[Records from a dataset]
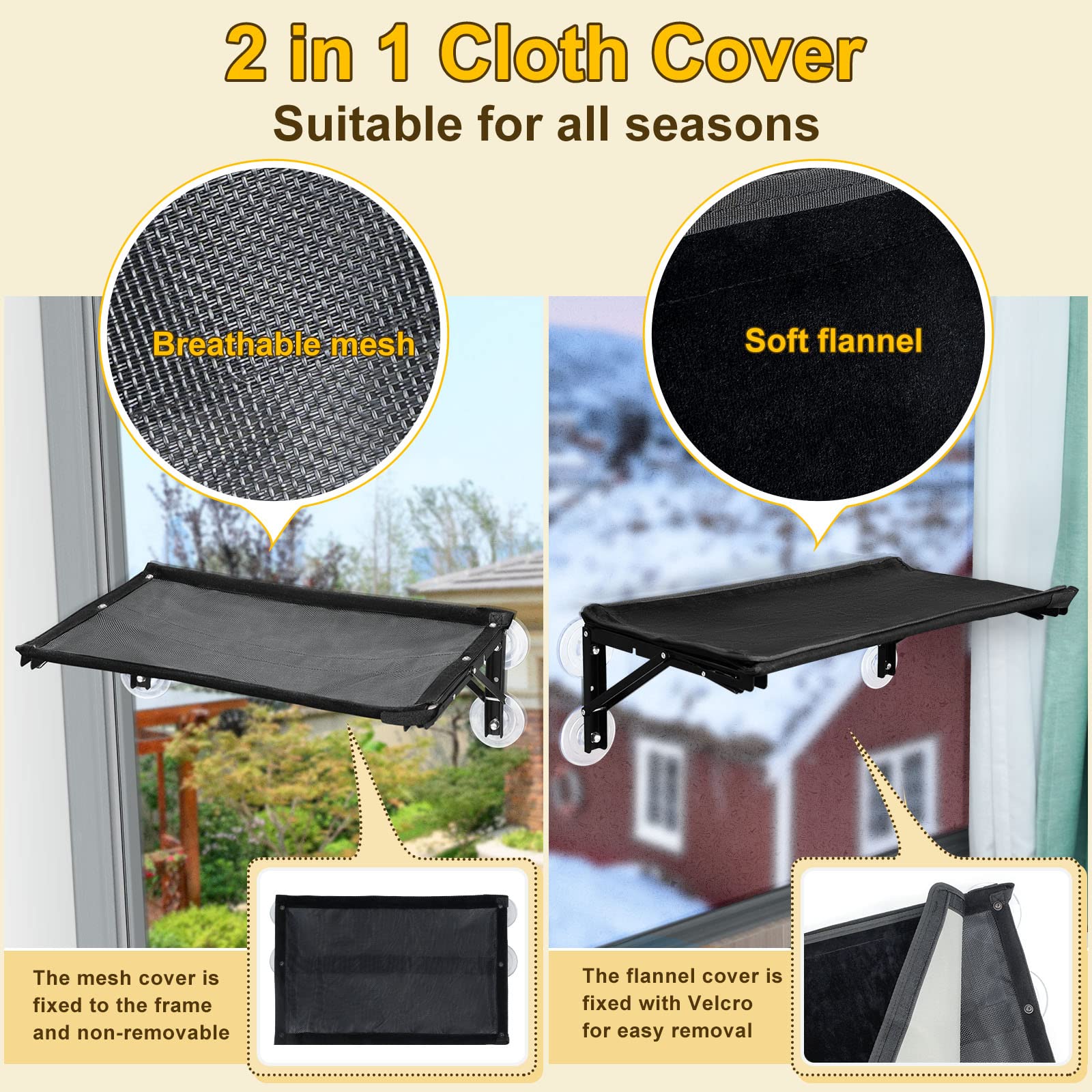 - Suitable for All Seasons: our cat hammocks come with a 2-in-1 cloth cover: The mesh cover is fixed to the frame and non-removable; the flannel cover is fixed onto the mesh with Velcro for easy removal. The breathable mesh keepa your cats cool in hot summer; and the flannel cover providea a warm place for your cat to rest in cold winter.
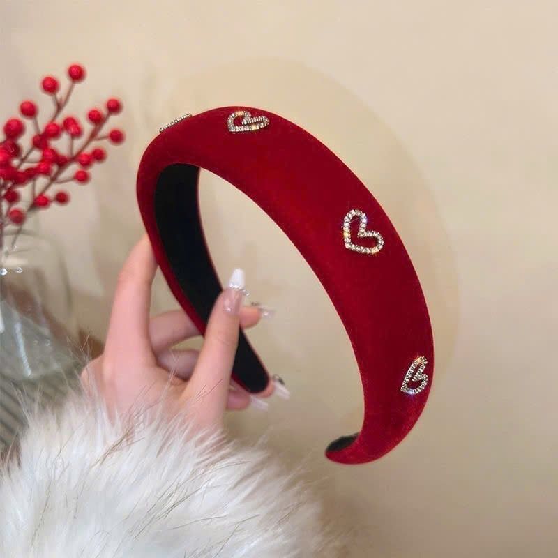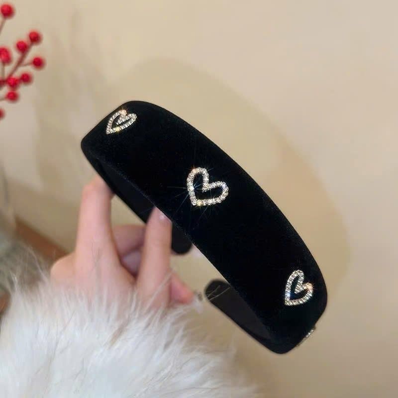 Bờm tóc nhung đính đá trái tim - H-BOM174
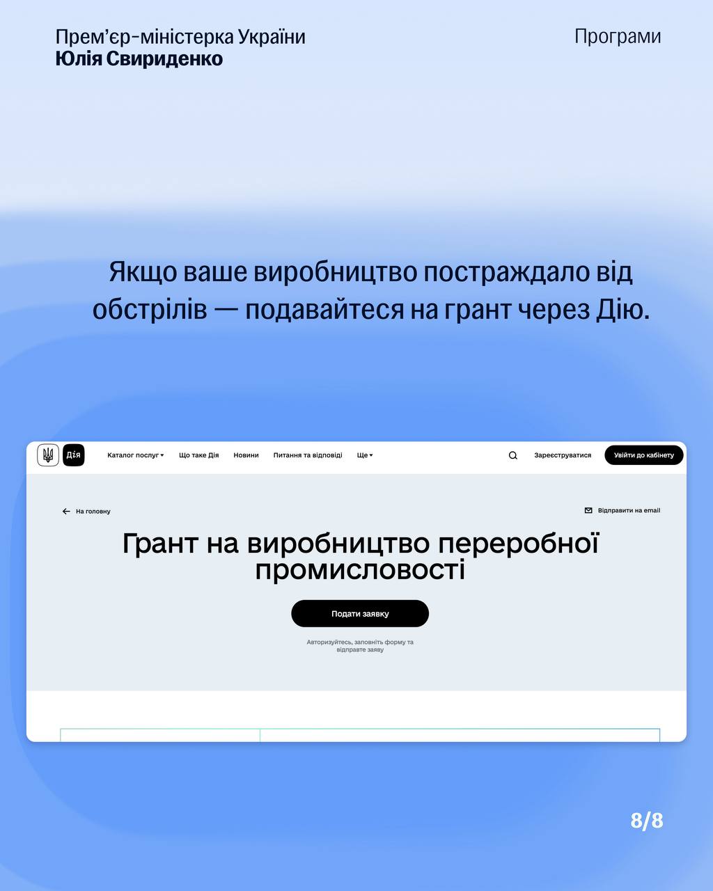 Як повідомила прем'єр-міністр України Юлія Свириденко, бізнес може отримати фінансування як на розвиток і масштабування виробництва, так і на відновлення обладнання після російських обстрілів.
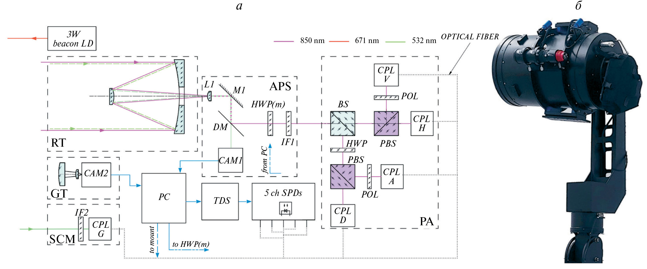 Рис. 4. Наземная оптическая станция [11]: оптическая схема (а) и внешний вид (б)
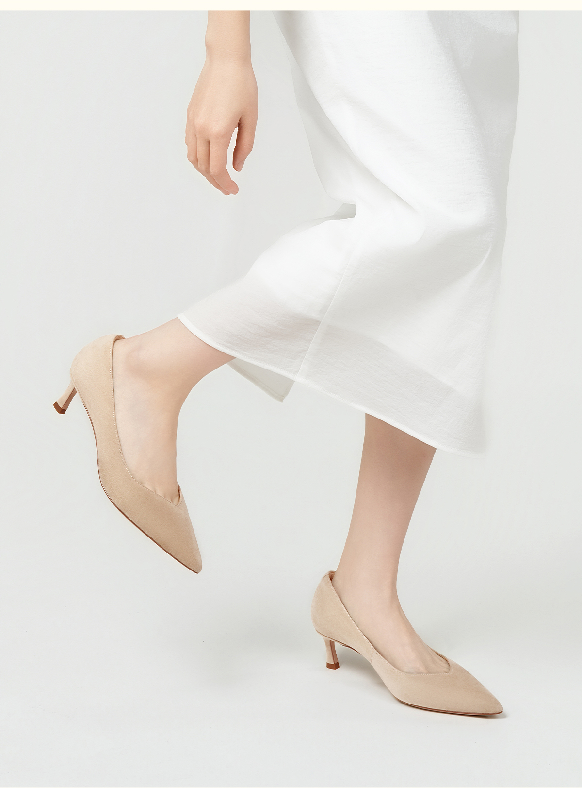 7or9通勤基础款高跟鞋裸色新款单鞋白茶

### Assignment
Beginning at the line with "Bờm tóc nhung đính đá trái tim - H-BOM174", reproduce each line exactly through the last line of the records above, with pictures left out.

### Solution to this problem
 Bờm tóc nhung đính đá trái tim - H-BOM174
 Як повідомила прем'єр-міністр України Юлія Свириденко, бізнес може отримати фінансування як на розвиток і масштабування виробництва, так і на відновлення обладнання після російських обстрілів.
 Рис. 4. Наземная оптическая станция [11]: оптическая схема (а) и внешний вид (б)
 7or9通勤基础款高跟鞋裸色新款单鞋白茶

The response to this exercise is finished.